14. A repetitive process for repetitively executing a first process and a second process using the execution result, wherein the second process comprises a plurality of partial processes that can be executed in parallel. In the first process, the execution result of the second process in one iteration of the iterative process is used in the next iteration of the iterative process and shared by a plurality of processors. A plurality of clusters having local memory for holding programs and data;
A method of executing in a distributed storage parallel computer comprising a network connecting them, comprising: (a) repeating by one of a plurality of processors included in any one of the plurality of clusters. The first process is executed for the first iteration of the process, and (b) one process group is included in the second process, and when the first process is the next iteration, At least a part of a plurality of partial processes for generating data to be used and the first process are included, and the other process group includes a second process.

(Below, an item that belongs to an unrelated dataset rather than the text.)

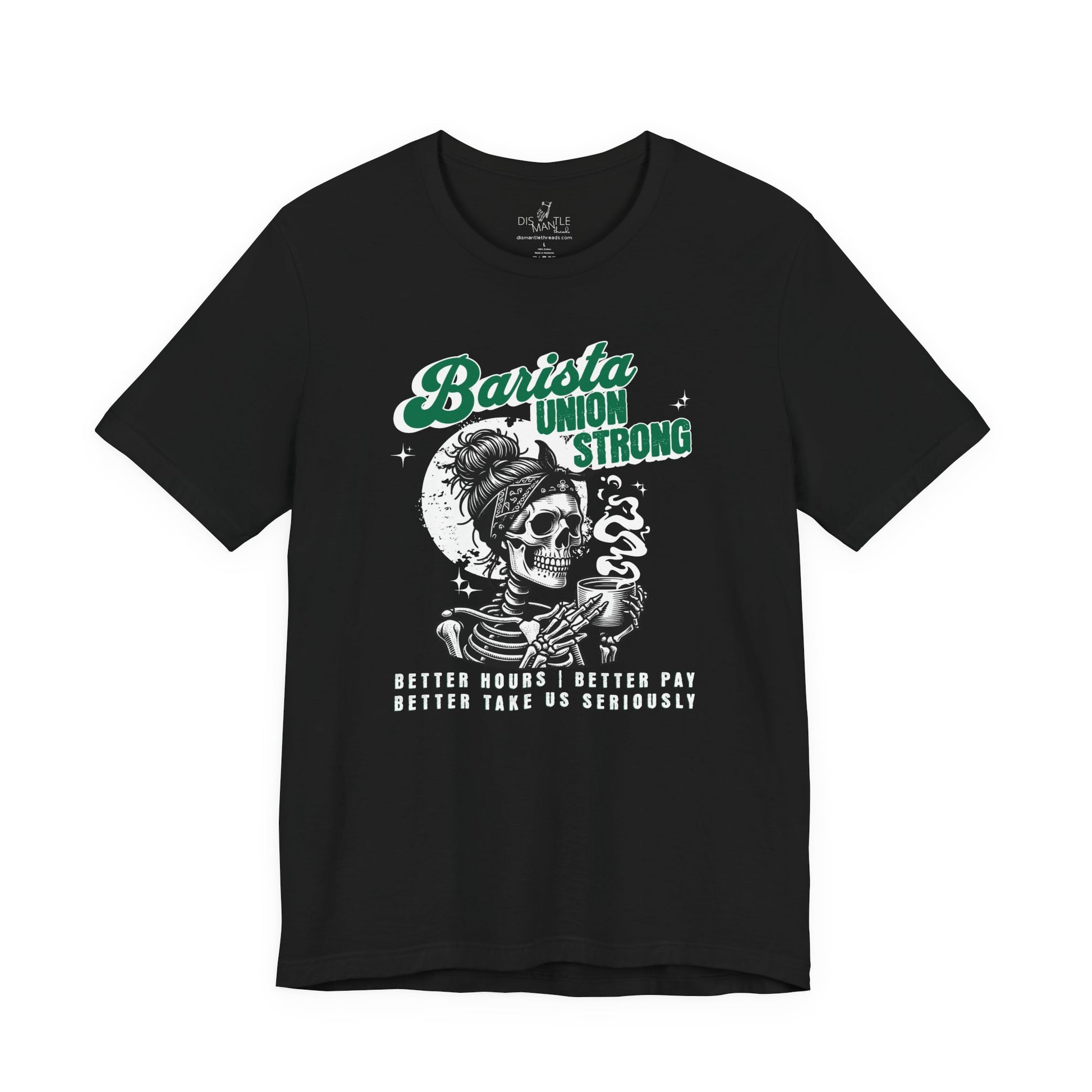 The skeleton is a wink — because burnout is real, but so is collective power. This design is all protest humor and union energy, part of a broader movement of baristas demanding the basics: safe staffing, consistent schedules, and real wages. The fight’s not over. This shirt makes that clear.

Included in the first process and the second process so as to include a part of a plurality of partial processes other than the plurality of partial processes included in the process. The plurality of the plurality of partial processings are divided into a plurality of processing groups whose number is equal to the number of the plurality of clusters, and (c) one of the plurality of processing groups is divided by each of the plurality of clusters. (C1) The plurality of partial processes and the first partial process are executed in one processing group when executing one processing group by each cluster. When processing and is included,
One partial process group including at least a part of the plurality of partial processes and the first process, and other than the some of the plurality of partial processes included in the second process. Of the plurality of partial processes, the process of the one process group is divided into a plurality of other partial process groups, and the one part of the plurality of partial processes and the first partial process When the processing is not included, among the plurality of partial processings included in the second processing, a plurality of other partial processings each including a part of a plurality of partial processings other than the plurality of partial processings The processing of the one processing group is divided into processing groups, and (c2) a plurality of processors in the cluster divides the processing into the step (c
One of a plurality of partial processing groups obtained by the division according to 1),
When the first processing is included in the one processing group executed in the cluster in parallel with the execution of another partial processing group by another processor in the cluster, (c3) One processor that has executed one partial process group to which one process belongs notifies other clusters of the execution result of the first process. (D) In each cluster, the step (c1 (C) is repeated when the execution of () is completed, and in the repetition, (d1) another processing group different from the processing group executed in step (c) by the cluster among the plurality of processing groups. Repeat step (c) so that
(D2) If the first process is not included in the process group executed by the cluster in step (c), the execution result of the first process notified by another cluster is notified. After confirming, the execution of the other processing group is started, and (d
3) The other processing group executed in the repetition is the second
When the sub-process group belonging to the process is included, the sub-process group is executed for the iterations after the next iteration, and the other process group includes the first process. Sometimes, the parallel execution method of the iterative processing that executes the other processing group so that the first processing is executed for the next iteration of the iteration after the next iteration.